• RECORDED DATA:
"""

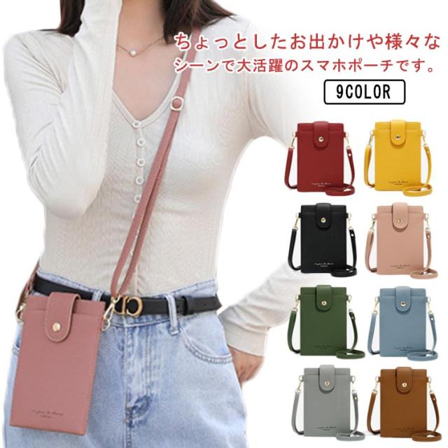 スマホポーチ レディース スマホポシェット 斜め掛け 財布 PUレザー カード入れ 小銭入れ お洒落 きれいめ 縦型 肩掛け スマホショルダー 軽量 薄型 お出かけ 送料無料
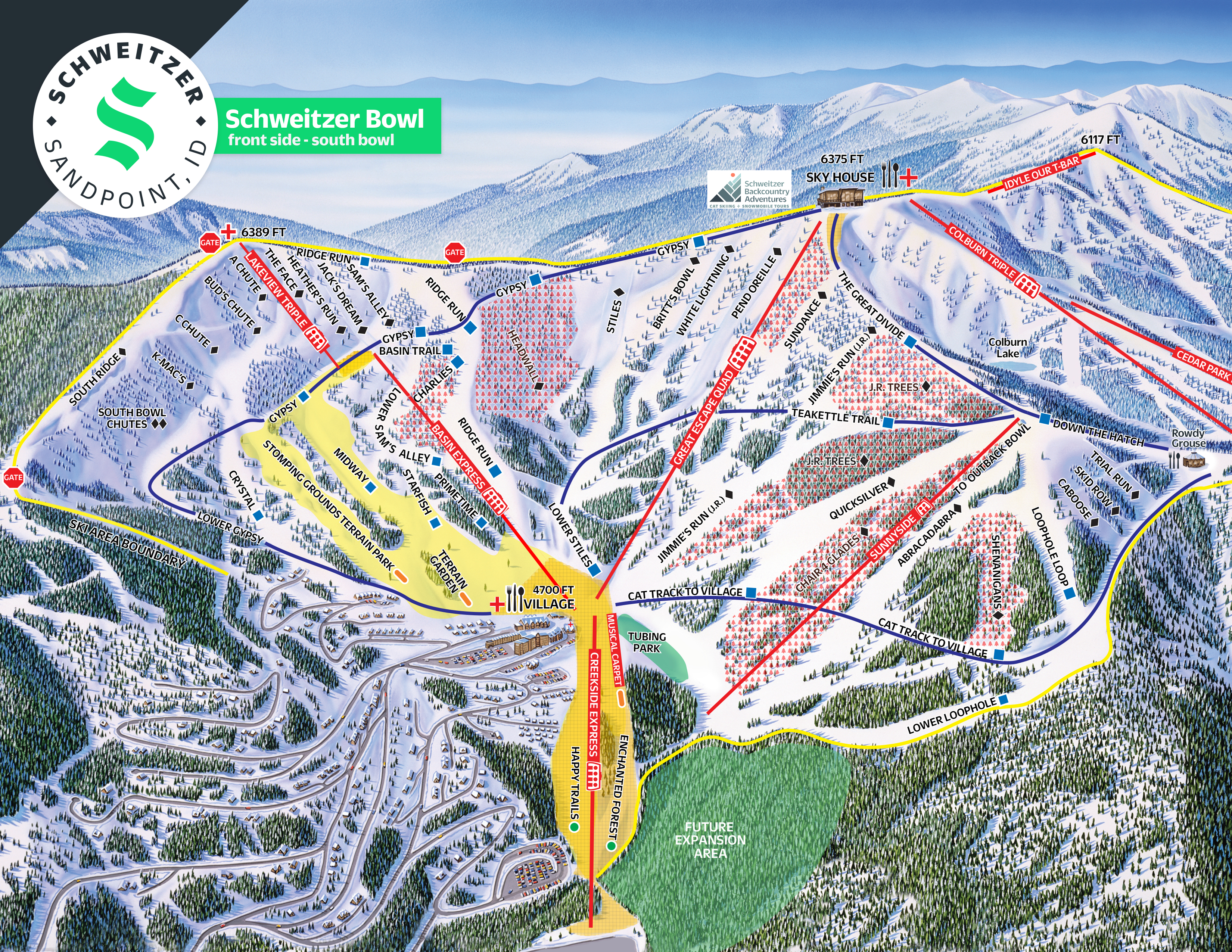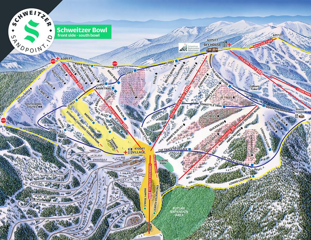 Schweitzer Mountain Resort is a top-rated ski resort in Idaho, boasting 2,900 acres of skiable terrain. Located in the Selkirk Mountains, it offers a mix of high-angle groomers, gladed tree runs, and wide-open bowl skiing and riding. The resort is known for its family-friendly atmosphere, with plenty of activities and amenities, including a spa, restaurants, and kid-friendly activities. With its stunning views of the surrounding town, Schweitzer Mountain Resort is a must-visit destination for outdoor enthusiasts and families alike.
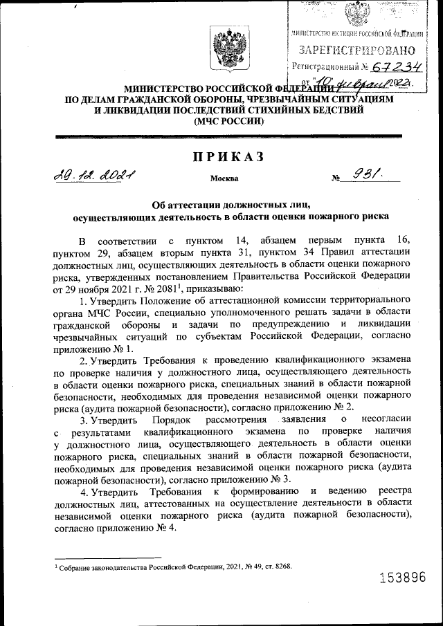 Приказ Министерства Российской Федерации по делам гражданской обороны, чрезвычайным ситуациям и ликвидации последствий стихийных бедствий от 29.12.2021 № 931

"""

• HOW TO COMPLETE THIS TASK: Return each line of the material exactly as written; exclude the pictures.

• ANSWER SPACE:
 スマホポーチ レディース スマホポシェット 斜め掛け 財布 PUレザー カード入れ 小銭入れ お洒落 きれいめ 縦型 肩掛け スマホショルダー 軽量 薄型 お出かけ 送料無料
 Schweitzer Mountain Resort is a top-rated ski resort in Idaho, boasting 2,900 acres of skiable terrain. Located in the Selkirk Mountains, it offers a mix of high-angle groomers, gladed tree runs, and wide-open bowl skiing and riding. The resort is known for its family-friendly atmosphere, with plenty of activities and amenities, including a spa, restaurants, and kid-friendly activities. With its stunning views of the surrounding town, Schweitzer Mountain Resort is a must-visit destination for outdoor enthusiasts and families alike.
 Приказ Министерства Российской Федерации по делам гражданской обороны, чрезвычайным ситуациям и ликвидации последствий стихийных бедствий от 29.12.2021 № 931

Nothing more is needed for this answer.